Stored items
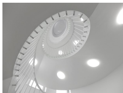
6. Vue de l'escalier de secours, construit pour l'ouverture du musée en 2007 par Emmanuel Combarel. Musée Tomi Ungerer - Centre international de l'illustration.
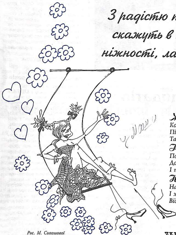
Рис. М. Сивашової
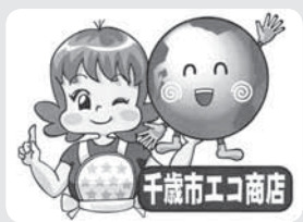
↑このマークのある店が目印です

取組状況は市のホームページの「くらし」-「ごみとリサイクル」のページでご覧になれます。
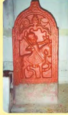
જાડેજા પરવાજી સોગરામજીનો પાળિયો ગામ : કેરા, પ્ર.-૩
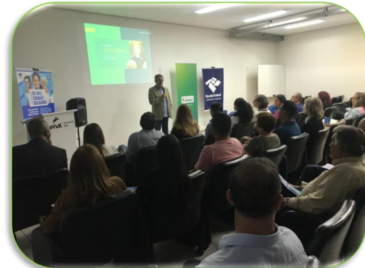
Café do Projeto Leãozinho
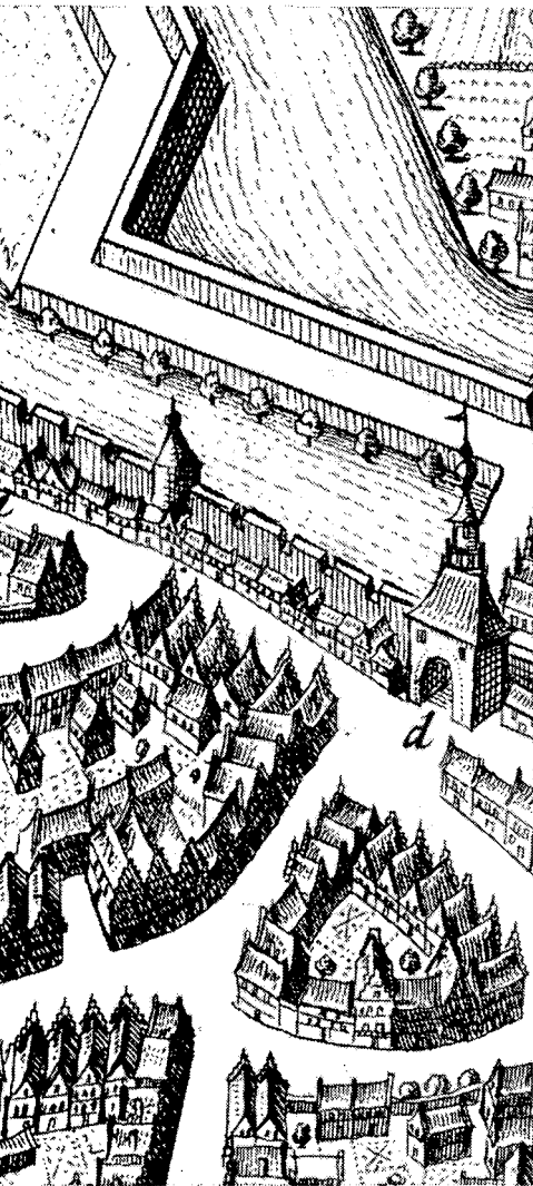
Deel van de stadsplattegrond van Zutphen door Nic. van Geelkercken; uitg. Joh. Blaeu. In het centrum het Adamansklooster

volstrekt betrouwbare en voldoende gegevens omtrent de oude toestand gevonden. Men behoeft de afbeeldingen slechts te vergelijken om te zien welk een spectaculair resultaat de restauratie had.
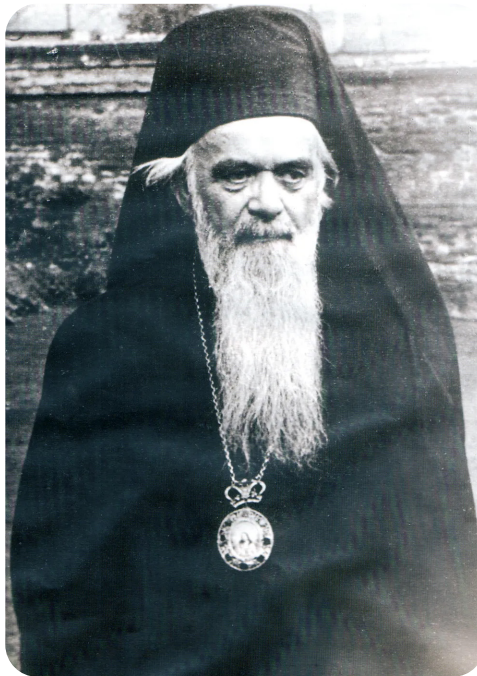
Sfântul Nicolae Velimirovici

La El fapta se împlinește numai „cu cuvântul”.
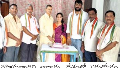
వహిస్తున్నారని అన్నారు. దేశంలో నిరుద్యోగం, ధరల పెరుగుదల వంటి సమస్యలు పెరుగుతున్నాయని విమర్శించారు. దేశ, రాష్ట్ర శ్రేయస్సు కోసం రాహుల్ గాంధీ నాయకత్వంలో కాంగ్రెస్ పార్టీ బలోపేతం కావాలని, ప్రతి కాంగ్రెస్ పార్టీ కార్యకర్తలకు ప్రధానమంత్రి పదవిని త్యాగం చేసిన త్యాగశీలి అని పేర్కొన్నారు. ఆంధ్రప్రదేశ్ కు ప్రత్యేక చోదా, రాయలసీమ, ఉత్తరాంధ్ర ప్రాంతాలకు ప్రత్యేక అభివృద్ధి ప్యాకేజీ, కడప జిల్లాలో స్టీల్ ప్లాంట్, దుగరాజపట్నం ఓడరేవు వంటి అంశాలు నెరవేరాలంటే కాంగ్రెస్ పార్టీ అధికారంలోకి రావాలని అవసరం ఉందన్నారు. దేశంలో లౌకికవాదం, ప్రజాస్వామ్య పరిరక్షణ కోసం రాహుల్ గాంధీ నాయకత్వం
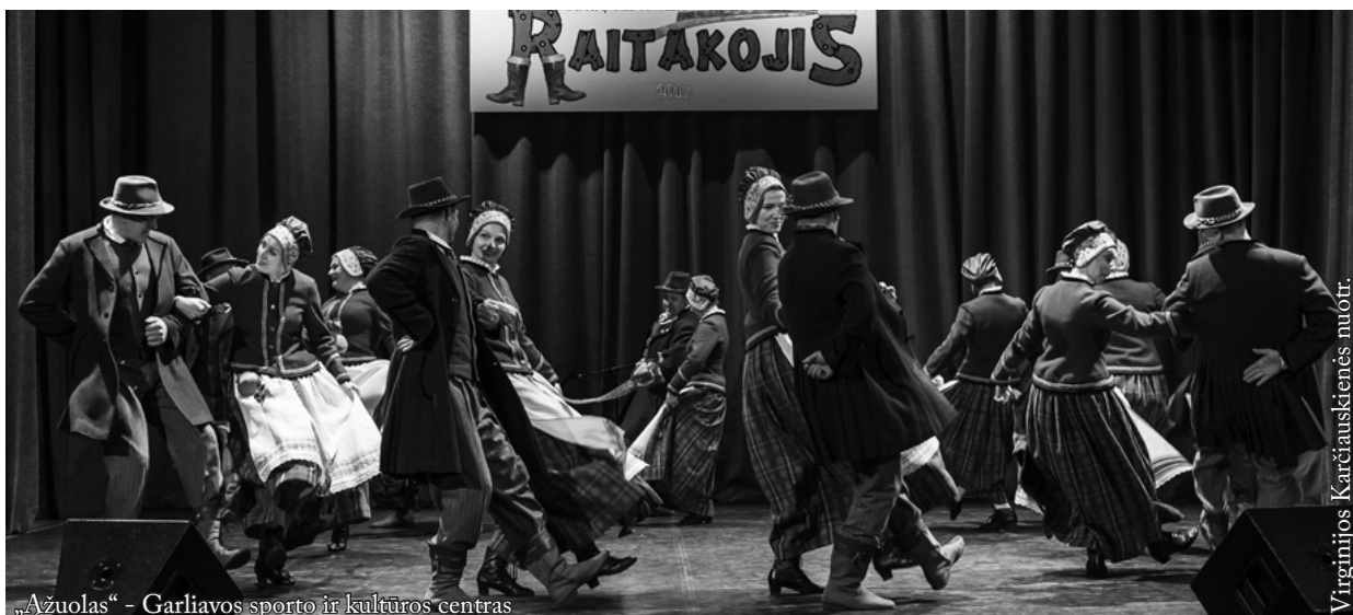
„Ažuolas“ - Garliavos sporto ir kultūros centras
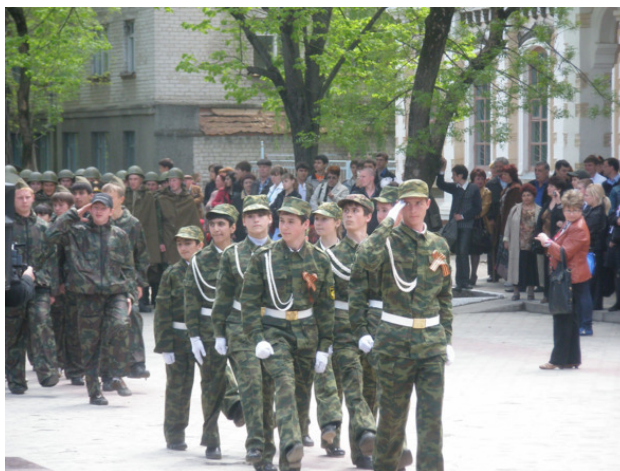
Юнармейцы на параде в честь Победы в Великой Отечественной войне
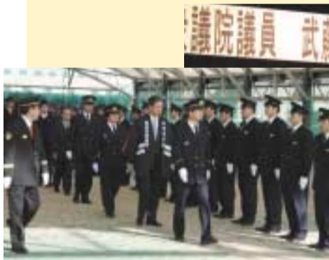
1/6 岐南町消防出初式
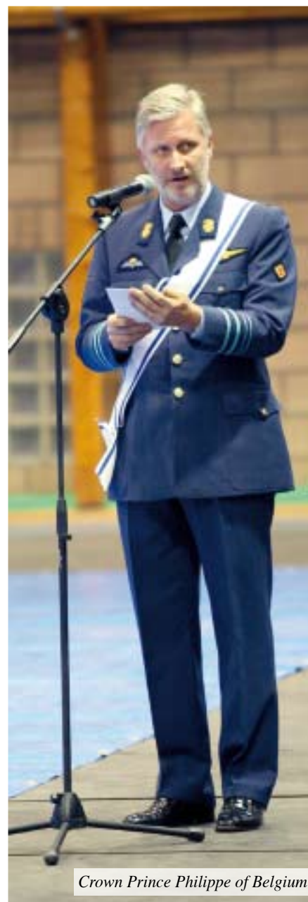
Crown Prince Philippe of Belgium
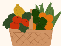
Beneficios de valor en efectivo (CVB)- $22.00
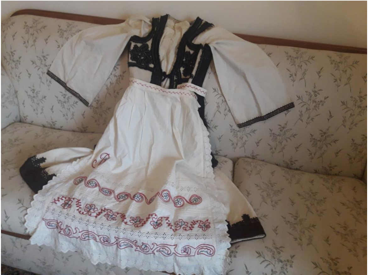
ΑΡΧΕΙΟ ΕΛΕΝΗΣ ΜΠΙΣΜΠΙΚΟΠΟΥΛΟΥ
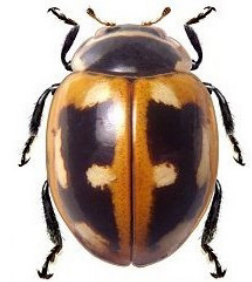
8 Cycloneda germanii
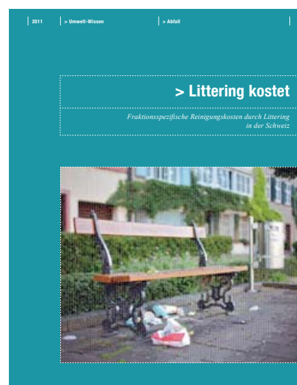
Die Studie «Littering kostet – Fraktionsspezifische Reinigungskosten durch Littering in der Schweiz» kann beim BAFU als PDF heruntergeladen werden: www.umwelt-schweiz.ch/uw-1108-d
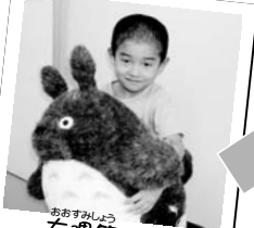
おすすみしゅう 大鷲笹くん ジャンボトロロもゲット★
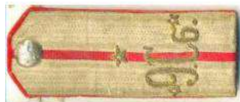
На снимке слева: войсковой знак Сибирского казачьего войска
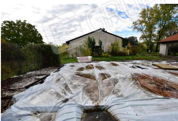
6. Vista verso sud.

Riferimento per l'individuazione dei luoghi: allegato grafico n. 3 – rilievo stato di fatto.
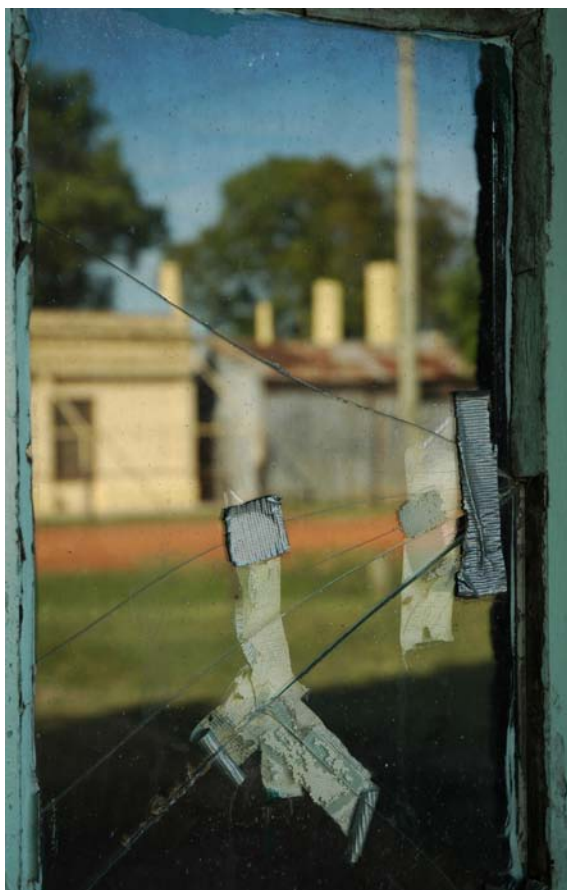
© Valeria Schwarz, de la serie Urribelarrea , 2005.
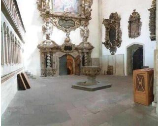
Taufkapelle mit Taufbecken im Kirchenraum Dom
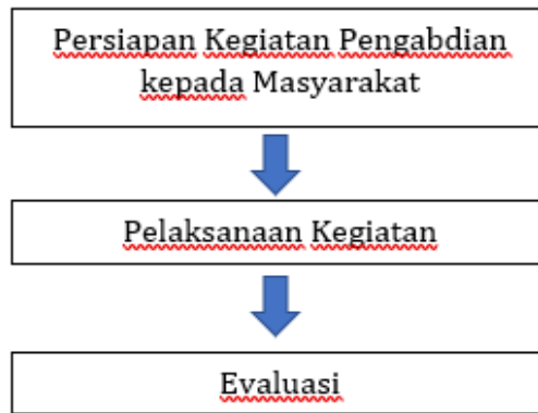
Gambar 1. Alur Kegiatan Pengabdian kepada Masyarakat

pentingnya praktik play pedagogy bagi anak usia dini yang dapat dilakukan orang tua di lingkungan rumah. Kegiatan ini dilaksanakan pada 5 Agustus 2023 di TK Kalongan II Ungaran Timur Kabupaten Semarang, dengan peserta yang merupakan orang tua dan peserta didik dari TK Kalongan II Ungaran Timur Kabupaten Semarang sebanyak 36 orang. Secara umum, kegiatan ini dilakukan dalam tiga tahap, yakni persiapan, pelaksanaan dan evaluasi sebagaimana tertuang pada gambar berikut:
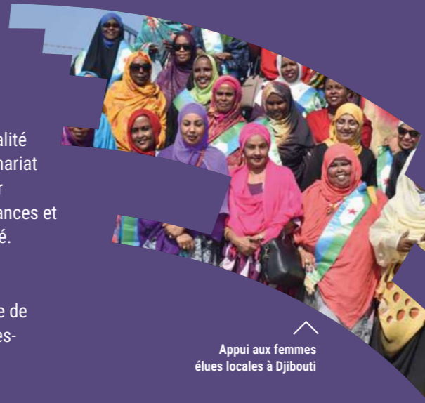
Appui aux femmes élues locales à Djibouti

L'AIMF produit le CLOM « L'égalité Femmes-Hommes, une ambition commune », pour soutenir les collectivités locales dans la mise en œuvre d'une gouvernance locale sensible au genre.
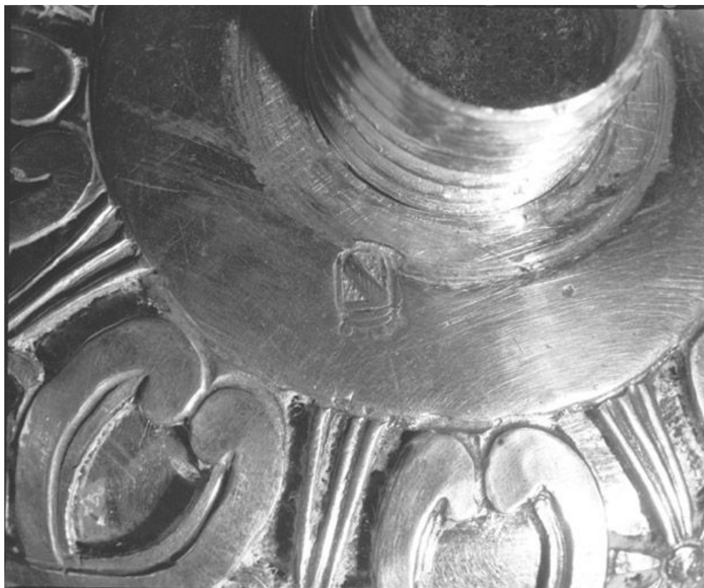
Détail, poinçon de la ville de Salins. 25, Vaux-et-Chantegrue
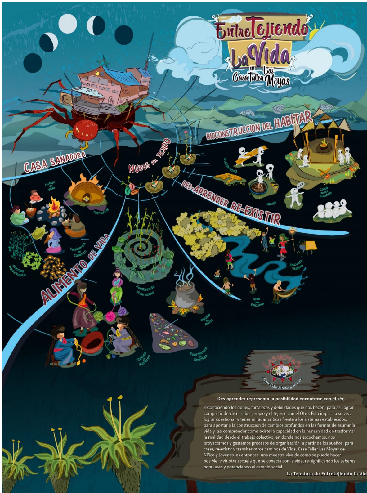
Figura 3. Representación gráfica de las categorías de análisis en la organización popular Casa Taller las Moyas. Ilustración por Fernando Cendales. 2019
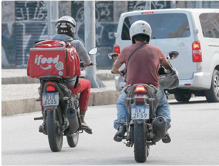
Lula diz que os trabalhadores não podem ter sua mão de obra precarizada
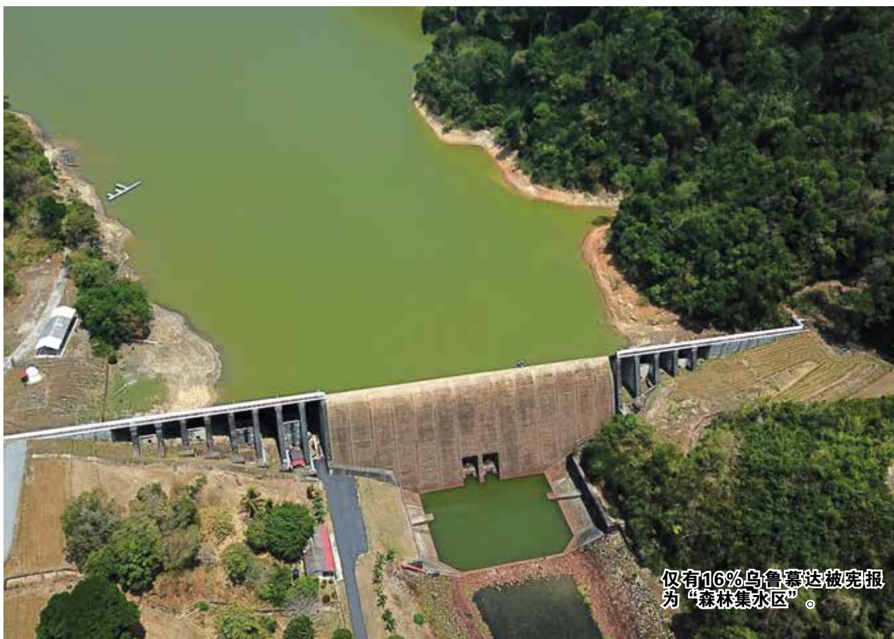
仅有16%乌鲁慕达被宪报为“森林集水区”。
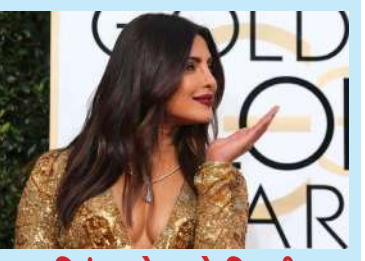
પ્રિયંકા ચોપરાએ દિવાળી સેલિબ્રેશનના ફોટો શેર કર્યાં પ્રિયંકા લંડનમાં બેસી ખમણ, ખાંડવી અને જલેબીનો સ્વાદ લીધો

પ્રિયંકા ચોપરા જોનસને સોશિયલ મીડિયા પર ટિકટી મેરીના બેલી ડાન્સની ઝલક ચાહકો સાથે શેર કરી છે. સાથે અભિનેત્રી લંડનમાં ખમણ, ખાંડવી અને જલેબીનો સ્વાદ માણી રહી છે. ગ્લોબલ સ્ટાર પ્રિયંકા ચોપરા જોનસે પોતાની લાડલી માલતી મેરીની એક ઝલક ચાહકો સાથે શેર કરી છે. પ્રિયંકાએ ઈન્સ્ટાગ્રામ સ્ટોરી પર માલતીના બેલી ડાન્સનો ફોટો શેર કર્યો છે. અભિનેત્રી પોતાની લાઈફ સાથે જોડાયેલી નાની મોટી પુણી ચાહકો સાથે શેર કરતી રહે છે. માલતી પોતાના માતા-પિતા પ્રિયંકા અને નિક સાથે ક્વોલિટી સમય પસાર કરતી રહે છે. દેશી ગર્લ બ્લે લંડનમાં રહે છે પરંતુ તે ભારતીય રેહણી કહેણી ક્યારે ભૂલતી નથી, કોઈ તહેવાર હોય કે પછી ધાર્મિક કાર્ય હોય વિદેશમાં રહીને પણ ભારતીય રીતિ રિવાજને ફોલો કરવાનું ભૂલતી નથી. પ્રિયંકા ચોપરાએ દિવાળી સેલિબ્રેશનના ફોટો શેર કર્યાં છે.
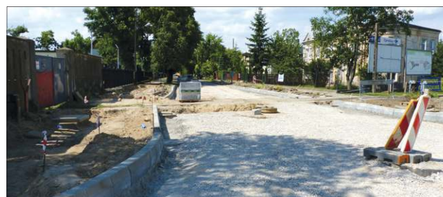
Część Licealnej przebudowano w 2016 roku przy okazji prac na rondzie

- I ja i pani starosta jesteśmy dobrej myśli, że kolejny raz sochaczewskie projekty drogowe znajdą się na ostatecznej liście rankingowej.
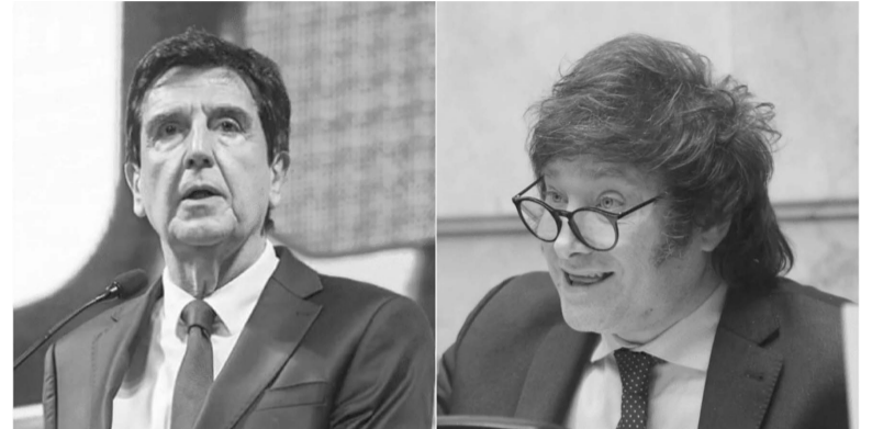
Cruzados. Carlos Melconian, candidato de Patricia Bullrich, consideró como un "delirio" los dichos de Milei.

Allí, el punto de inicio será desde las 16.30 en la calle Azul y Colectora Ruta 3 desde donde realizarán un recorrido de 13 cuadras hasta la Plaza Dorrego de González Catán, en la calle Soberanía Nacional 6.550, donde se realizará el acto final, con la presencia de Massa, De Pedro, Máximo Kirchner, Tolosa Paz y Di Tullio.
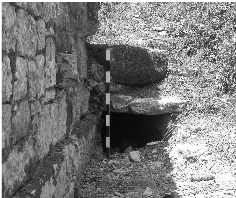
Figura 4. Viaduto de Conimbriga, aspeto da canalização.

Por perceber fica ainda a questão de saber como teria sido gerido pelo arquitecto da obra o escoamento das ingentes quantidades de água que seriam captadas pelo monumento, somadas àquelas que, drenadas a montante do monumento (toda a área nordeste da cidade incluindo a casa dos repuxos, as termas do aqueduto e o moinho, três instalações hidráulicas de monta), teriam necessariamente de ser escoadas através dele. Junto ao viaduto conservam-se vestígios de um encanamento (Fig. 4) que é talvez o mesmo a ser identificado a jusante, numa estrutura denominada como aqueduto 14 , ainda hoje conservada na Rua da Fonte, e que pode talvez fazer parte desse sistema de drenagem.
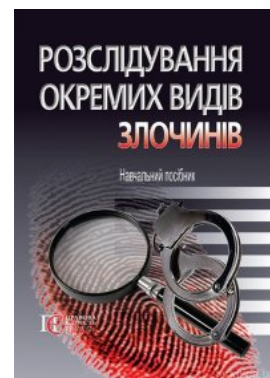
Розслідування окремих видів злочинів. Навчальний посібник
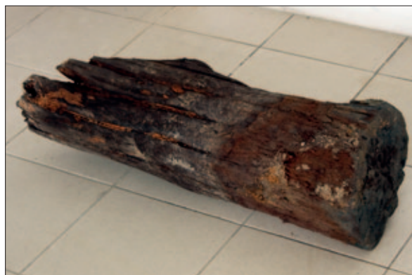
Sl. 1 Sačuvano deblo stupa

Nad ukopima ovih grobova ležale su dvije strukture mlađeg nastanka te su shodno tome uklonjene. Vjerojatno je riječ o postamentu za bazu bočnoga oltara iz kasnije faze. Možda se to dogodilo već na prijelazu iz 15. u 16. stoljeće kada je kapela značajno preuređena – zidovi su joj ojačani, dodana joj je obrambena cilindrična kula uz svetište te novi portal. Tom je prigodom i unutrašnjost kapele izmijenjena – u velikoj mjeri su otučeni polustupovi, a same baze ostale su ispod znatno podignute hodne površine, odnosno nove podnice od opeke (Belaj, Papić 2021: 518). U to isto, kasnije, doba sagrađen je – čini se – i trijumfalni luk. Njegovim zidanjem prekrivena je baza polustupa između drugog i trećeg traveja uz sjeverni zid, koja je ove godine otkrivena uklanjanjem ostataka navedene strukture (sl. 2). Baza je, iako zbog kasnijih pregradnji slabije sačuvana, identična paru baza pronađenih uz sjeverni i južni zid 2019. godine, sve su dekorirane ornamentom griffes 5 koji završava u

● About this task: The lines from the start of the data through the line that contains "Sfântul Nicolae Velimirovici" are to be returned exactly, please, with both ends included and every picture left out.

● Solution to the problem:
6. Vue de l'escalier de secours, construit pour l'ouverture du musée en 2007 par Emmanuel Combarel. Musée Tomi Ungerer - Centre international de l'illustration.
Рис. М. Сивашової
↑このマークのある店が目印です

取組状況は市のホームページの「くらし」-「ごみとリサイクル」のページでご覧になれます。
જાડેજા પરવાજી સોગરામજીનો પાળિયો ગામ : કેરા, પ્ર.-૩
Café do Projeto Leãozinho
Deel van de stadsplattegrond van Zutphen door Nic. van Geelkercken; uitg. Joh. Blaeu. In het centrum het Adamansklooster

volstrekt betrouwbare en voldoende gegevens omtrent de oude toestand gevonden. Men behoeft de afbeeldingen slechts te vergelijken om te zien welk een spectaculair resultaat de restauratie had.
Sfântul Nicolae Velimirovici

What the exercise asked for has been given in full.